# Advice for a Reluctant Lr Consultant



## Nicky3540 (Dec 28, 2019)

A photographer acquaintance has asked me for help with some Lr tasks. I tried to tactfully decline, partly because I’m totally a Mac person and he runs Lr Classic on Windows, and partly because it’s not what I do. But he’s persistent, so I agreed to help out.

I’m an advanced user (an ACE), so I know my way around Lr, but I don’t regularly do the kind of things he wants—and never on Windows. So I did some research and decided how to proceed. I’m sure there are some variables about his system that will affect my plans, but I won’t discover those till I get there and start working on his computer.

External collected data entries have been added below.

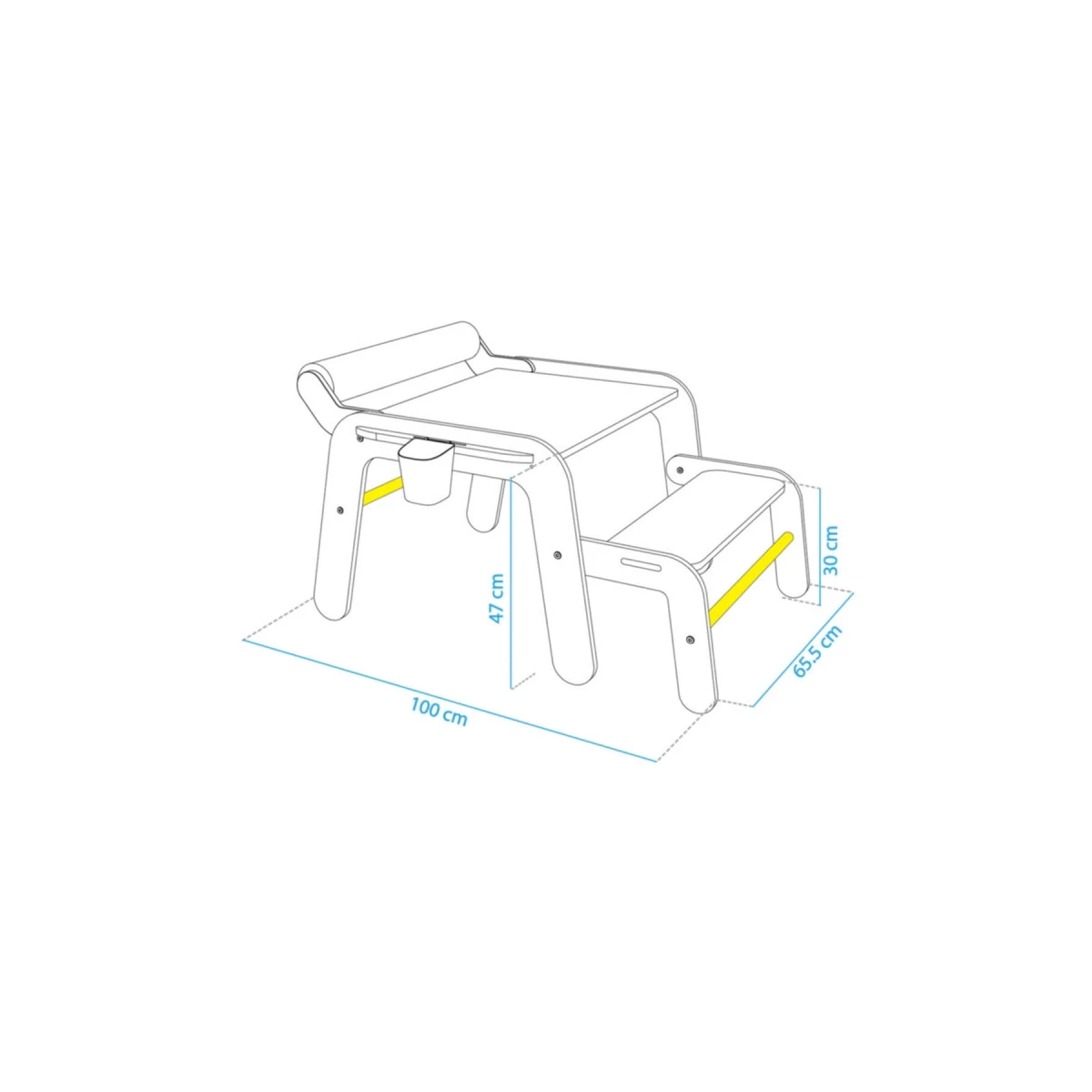 Vindt jouw kindje het ook zo leuk om de mooiste kunstwerken te tekenen? Of wil je samen met jouw kindje oefenen met schrijven of rekenen? Dan is dit tekentafeltje met bankje perfect geschikt voor je kindje. De tafel wordt geleverd met een rol tekenpapier die eenvoudig gemonteerd kan worden aan de achterkant van het tafeltje, hierdoor is het makkelijk voor jouw kindje om in een keer door te kunnen kleuren. Daarnaast zit er een pennenhouder bij, waardoor je kindje alles bij de hand heeft om de mooiste kunstwerken te maken.Â
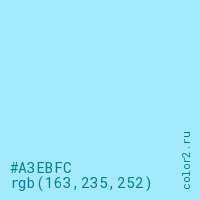 Цвет #A3EBFC в цветовой модели RGB обозначается тремя октетами (163, 235, 252) в десятичном формате и #A3EBFC в шестнадцатиричном (hex) формате, которые являются интенсивностью красного 163 (hex A3), интенсивность зелёного 235 (hex EB) и интенсивность синего 252 (hex FC).
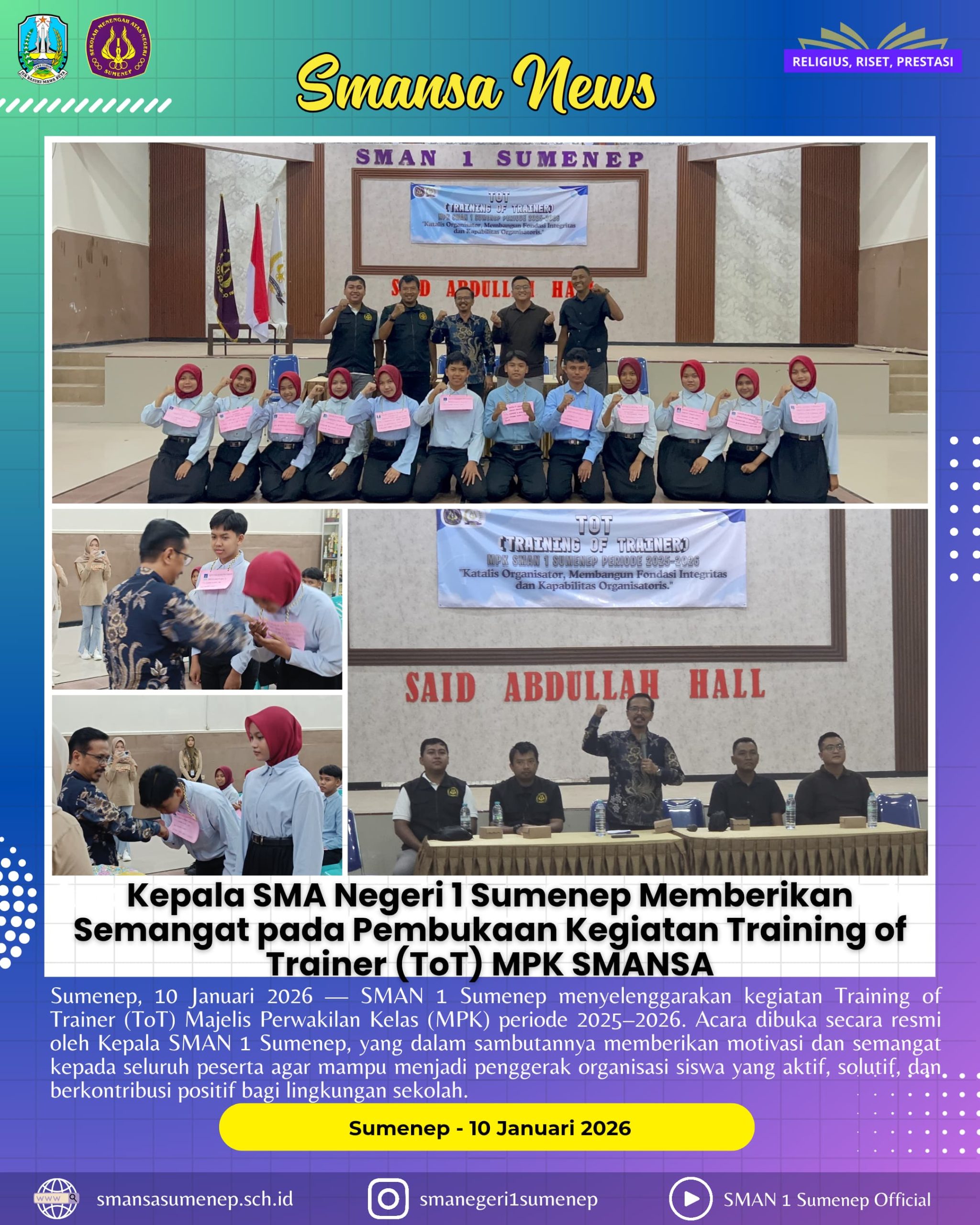 SMAN 1 Sumenep menyelenggarakan kegiatan Training of Trainer (ToT) Majelis Perwakilan Kelas (MPK) periode 2025-2026. Acara dibuka secara resmi oleh Kepala SMAN 1 Sumenep, yang dalam sambutannya memberikan motivasi dan semangat kepada seluruh peserta agar mampu menjadi penggerak organisasi Siswa yang aktif, solutif, dan berkontribusi positif bagi lingkungan sekolah.

Here are his requests and how I plan to proceed:

*Converge everything into one catalog*—I assume he’s got multiple catalogs on his hard drive. I’d start with one Master catalog, then use the Import from Another Catalog workflow to combine them all.​​*Get rid of duplicates*—I think he’s talking about actual duplicates, not virtual copies. I’ve read that you have to search for and delete duplicates one by one, unless you buy a plug-in. Sounds like a pain.​​*Change the filing system to make simple links rather than extended complicated ones*—I believe what he wants here is to simplify the folder hierarchy. I’d move child folders into parent folders wherever possible. I’d also recommend he start importing files by date using the year/month/day format.​​*Store everything on a single portable hard drive (5 TB) with a backup on a second portable hard drive*—By “everything,” I assume he means all his photos, not his catalog. Storing photos on an external drive seems simple, but backing up from one drive to another requires extra software, like ViceVersa, doesn’t it? I think I’ll recommend he buy that to make ongoing backups of his primary external drive. Or I could recommend he subscribe to a cloud backup like Backblaze for his computer and external drive.​
Sorry for the long post. I’d appreciate any advice on a better way to proceed, especially if there are Windows-specific differences a Mac user like me wouldn't know about . (BTW, the Lr version and OS answers are for his system, not mine.)


----------



## PhilBurton (Dec 28, 2019)

I concur mostly with your recommendations.  In fact, we could eventually have a blog post called "Lightroom Data Hygeine," summarizing such recommendations.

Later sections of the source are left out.